SELECT [value], [period]
FROM LaborStatisticsDB.dbo.january_2017
WHERE series_id IN (select series_id from LaborStatisticsDB.dbo.series where series_title like '%production and nonsupervisory employees%')
AND [value] = (SELECT MAX([value]) from LaborStatisticsDB.dbo.january_2017)
SELECT value, period
FROM LaborStatisticsDB.dbo.january_2017
HAVING [value] IN (SELECT MAX([value]) where series_id=(Select series_id where series_title like '%production and nonsupervisory employees%'))
Select TOP 10*
FROM LaborStatisticsDB.dbo.series
SELECT top 10*
from LaborStatisticsDB.dbo.[period]
--3. Now that you have explored the datasets, is there any data or information that you wish you had in this analysis?

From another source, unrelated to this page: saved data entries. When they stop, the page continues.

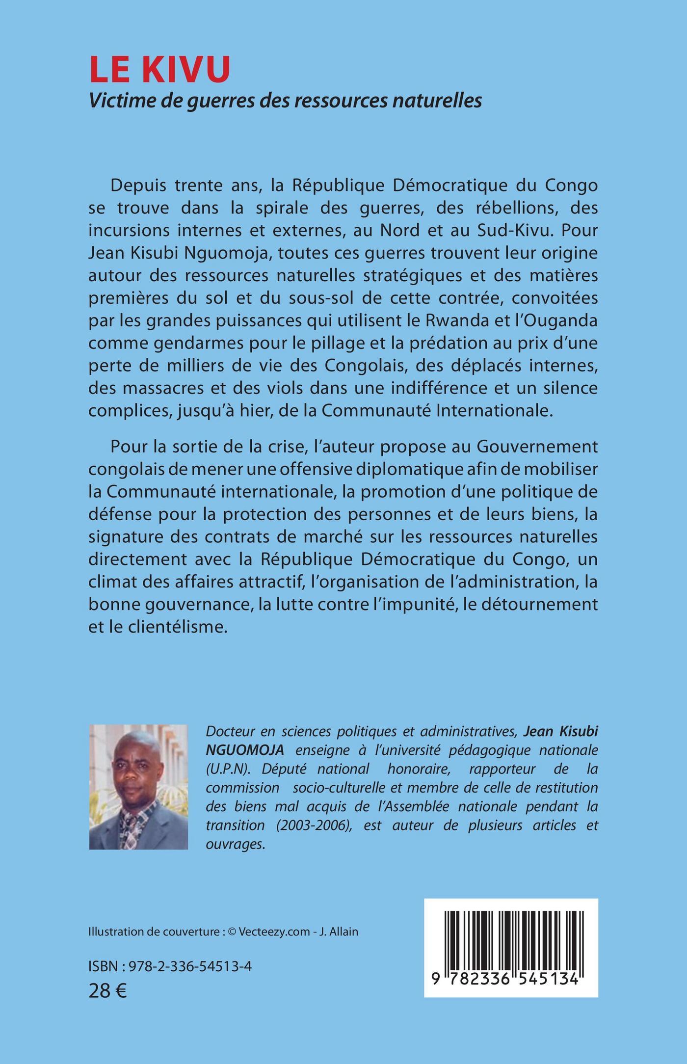 Depuis trente ans, la République Démocratique du Congo se trouve dans la spirale des guerres, des rébellions, des incursions internes et externes, au Nord et au Sud-Kivu. Pour Jean Kisubi Nguomoja, toutes ces guerres trouvent leur origine autour des ressources naturelles stratégiques et des matières premières du sol et du sous-sol de cette contrée, convoitées par les grandes puissances qui utilisent le Rwanda et l’Ouganda comme gendarmes pour le pillage et la prédation au prix d’une perte de milliers de vie des Congolais, des déplacés internes, des massacres et des viols dans une indifférence et un silence complices, jusqu’à hier, de la Communauté Internationale.
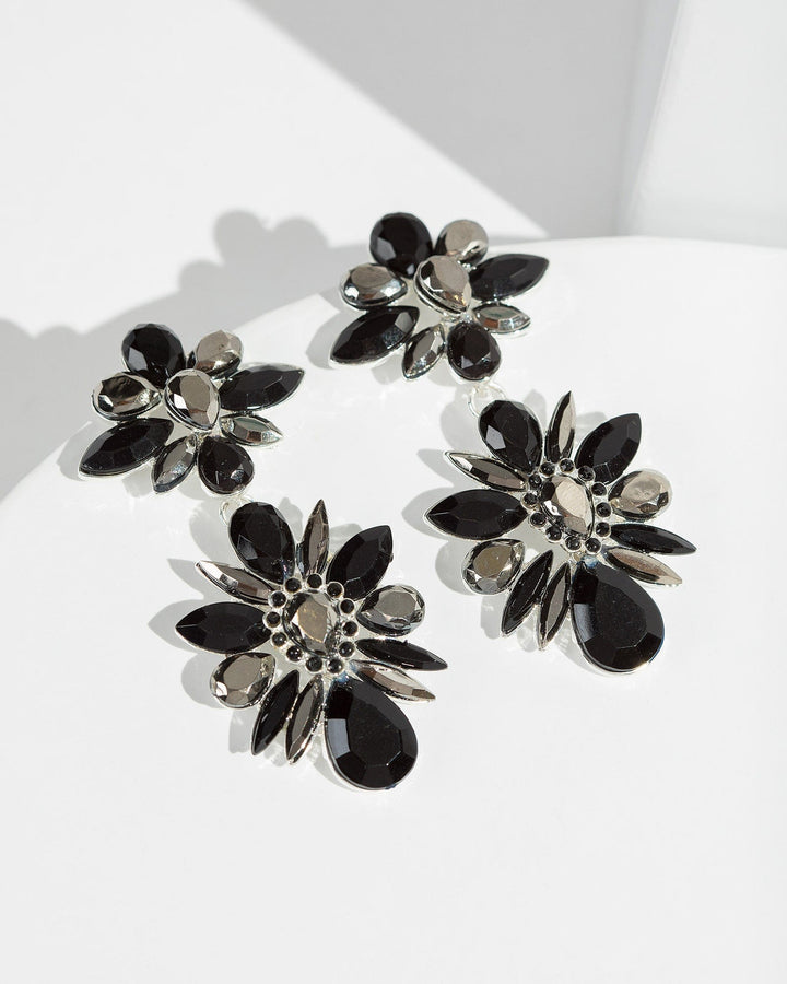 Black Crystal Cluster Earrings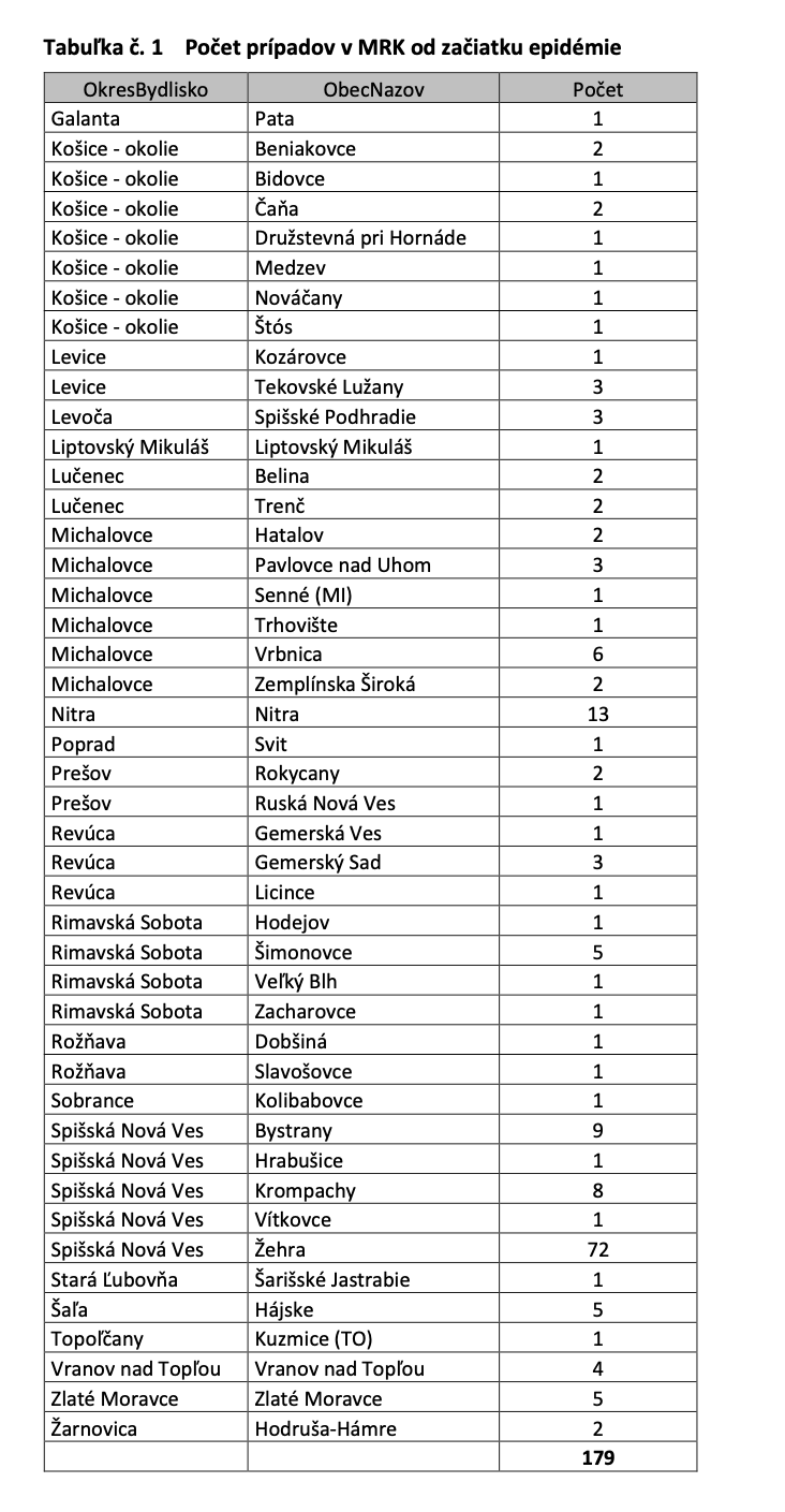 V marginalizovaných rómskych komunitách sa koronavírus vyskytol konkrétne v 179 prípadoch. Z nich sa najviac pozitívnych vyskytlo v Žehre, Nitre a Bystranoch. V 48% prípadoch sa jednalo o importovanie nákazy a 52% priamo súviseli s importovanými prípadmi.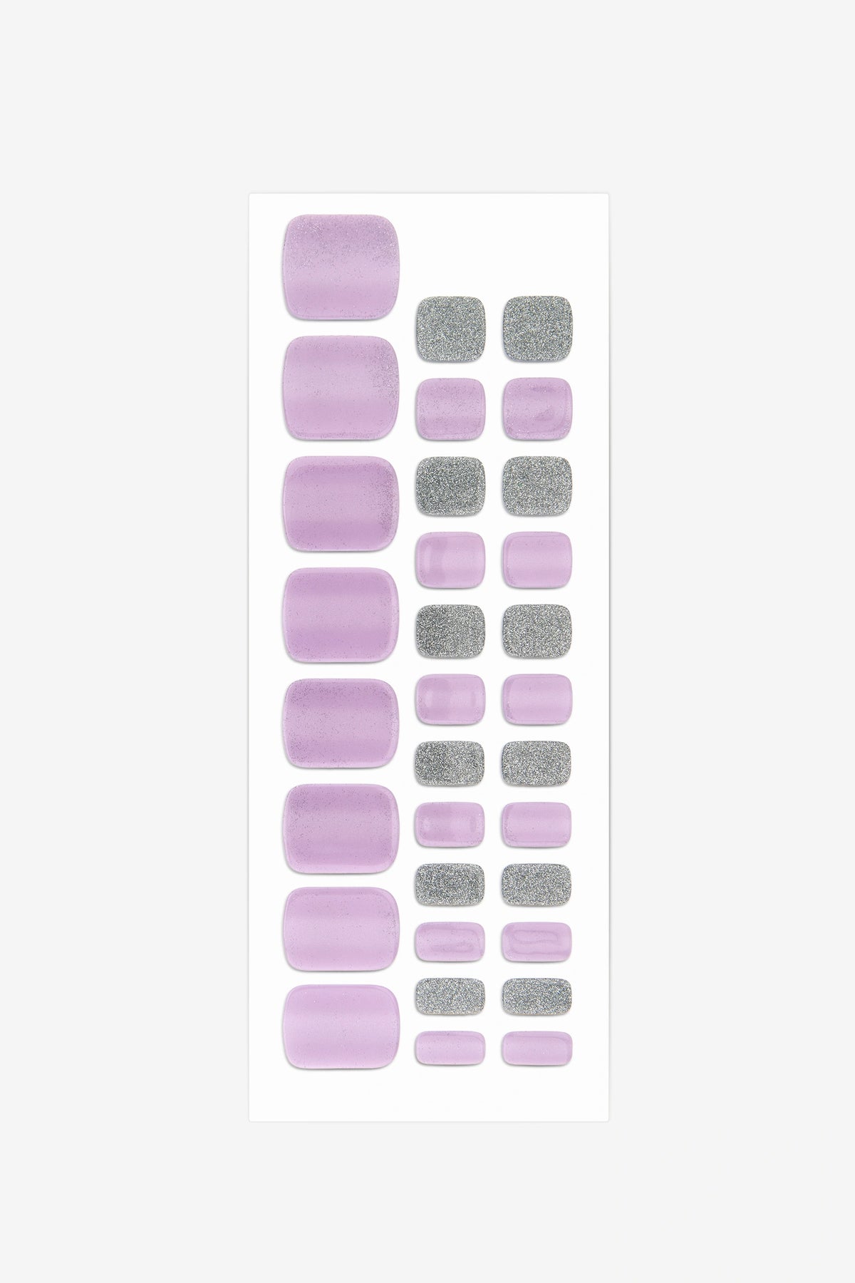 Shimmering lavender and gray gel toenail wraps with a soft cat-eye sheen. The subtle sparkle adds depth to this cool-toned, high-gloss gel pedi.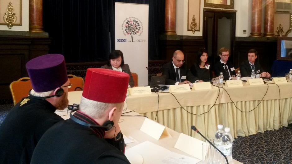 Elizabeth Kitanovic, Executive Secretary for Human Rights of the Conference of European Churches speaking at a roundtable discussion organized by OSCE/ODIHR on the role of dialogue in the security of religious and belief communities, in Odessa, 3 November 2015.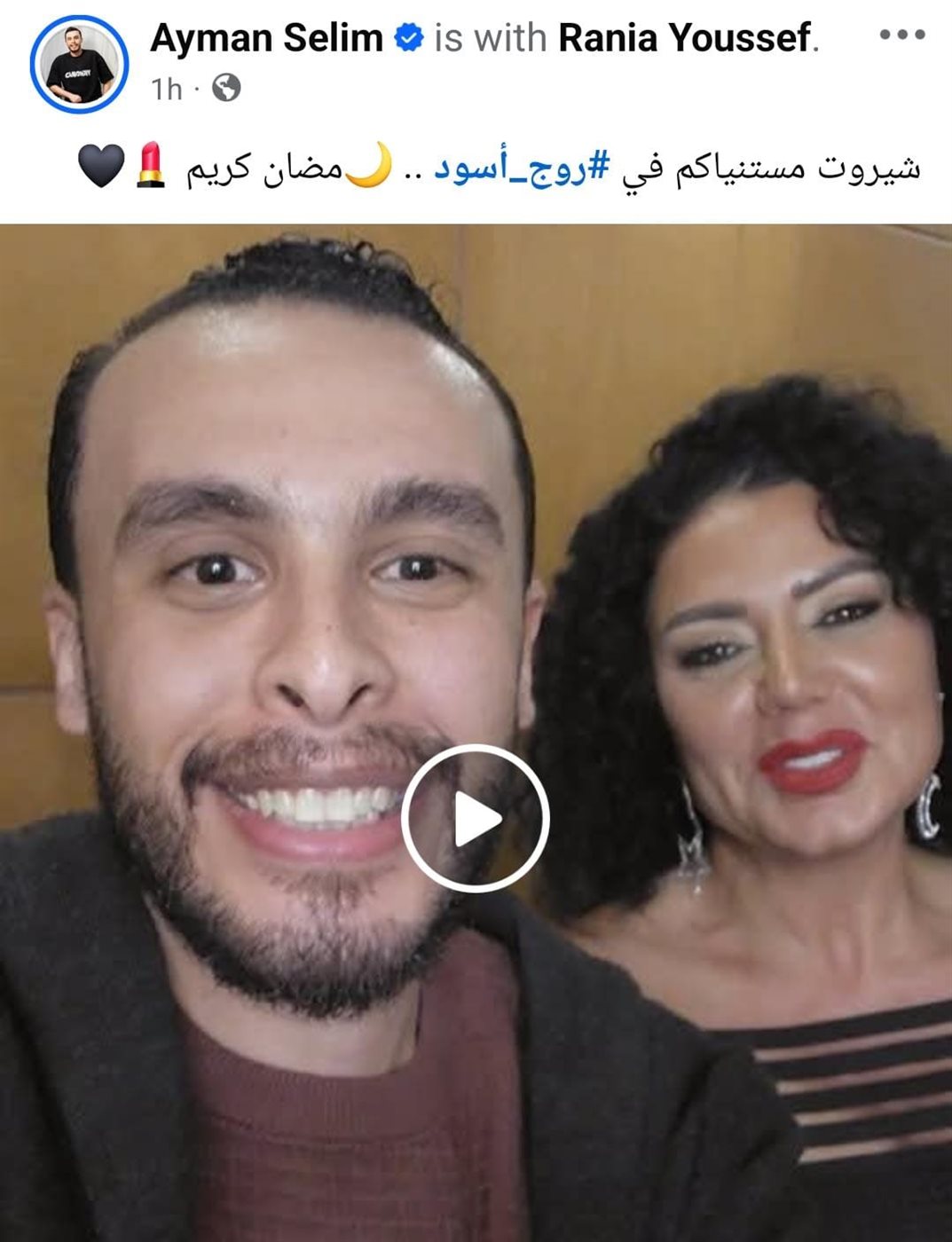نشر المؤلف أيمن سليم فيديو على صفحاته على السوشيال ميديا يجمعه بالنجمة رانيا يوسف من داخل كواليس تصوير مسلسل روج أسود المقرر عرضه في السباق الرمضاني.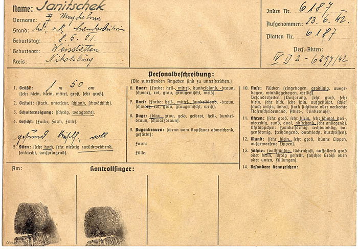 Die Landarbeiterin Magdalena Janitschek wurde im Juni 1942 wegen "verbotenen Umgangs" festgenommen. Sie kam am 10. 8. 1943 in Auschwitz um.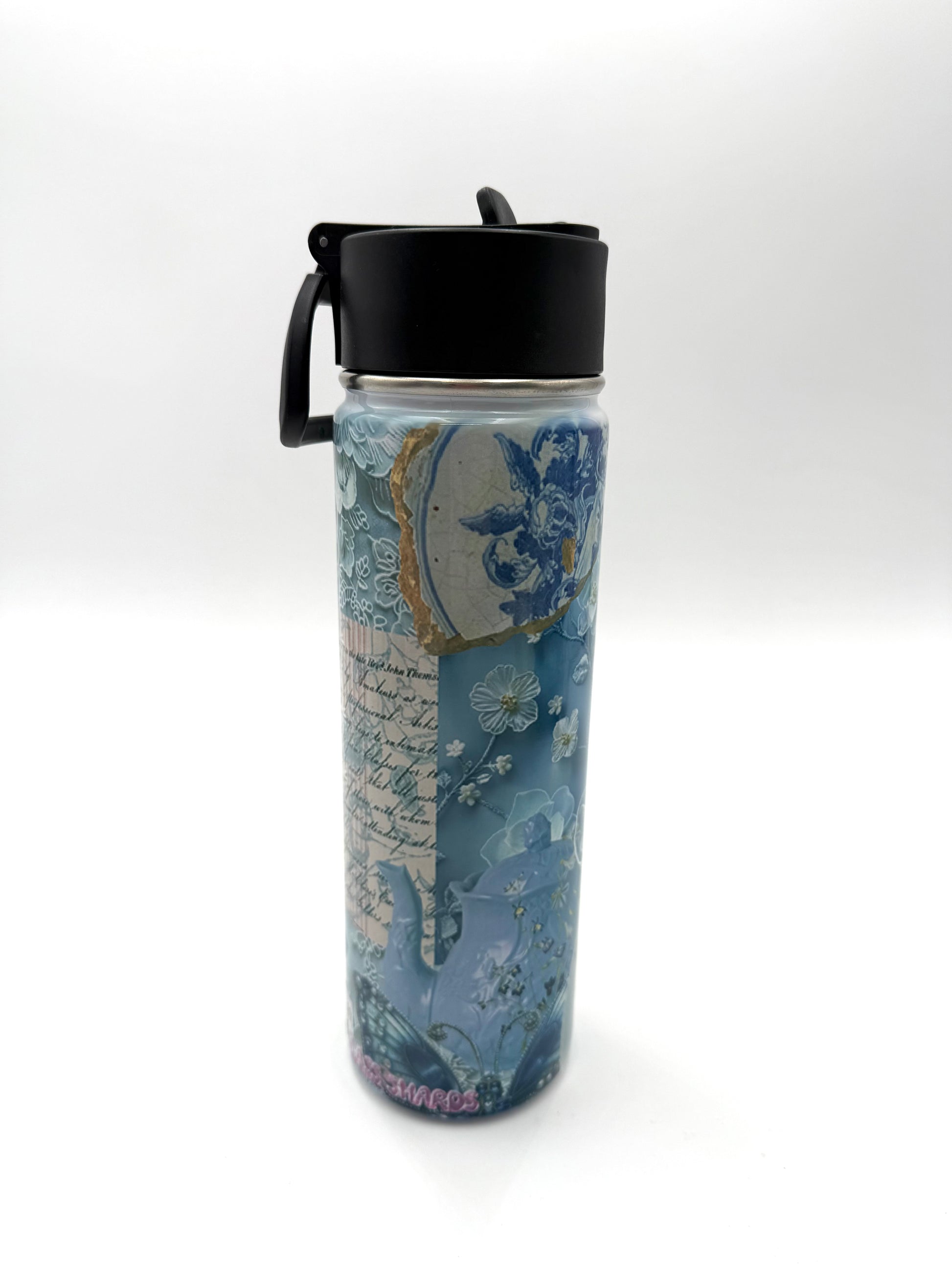 GlassSmut Signature Pattern Something Blue on 22oz Stainless Steel Tumbler, includes straw, flip to sip lid and loop for carrying.

--Answer-Yes. While the data was helpful, a few more things would have made the analysis better:
--Information by age, gender, or location This would help us see if all groups of workers benefited the same way.
--Cost of living or inflation Just knowing wages is not enough. It would be helpful to know if wages actually kept up with rising prices.
--Benefits or overtime pay This would show the full income employees are getting, not just their regular pay.
--Unemployment or job loss data This would help us understand how stable jobs were during that time.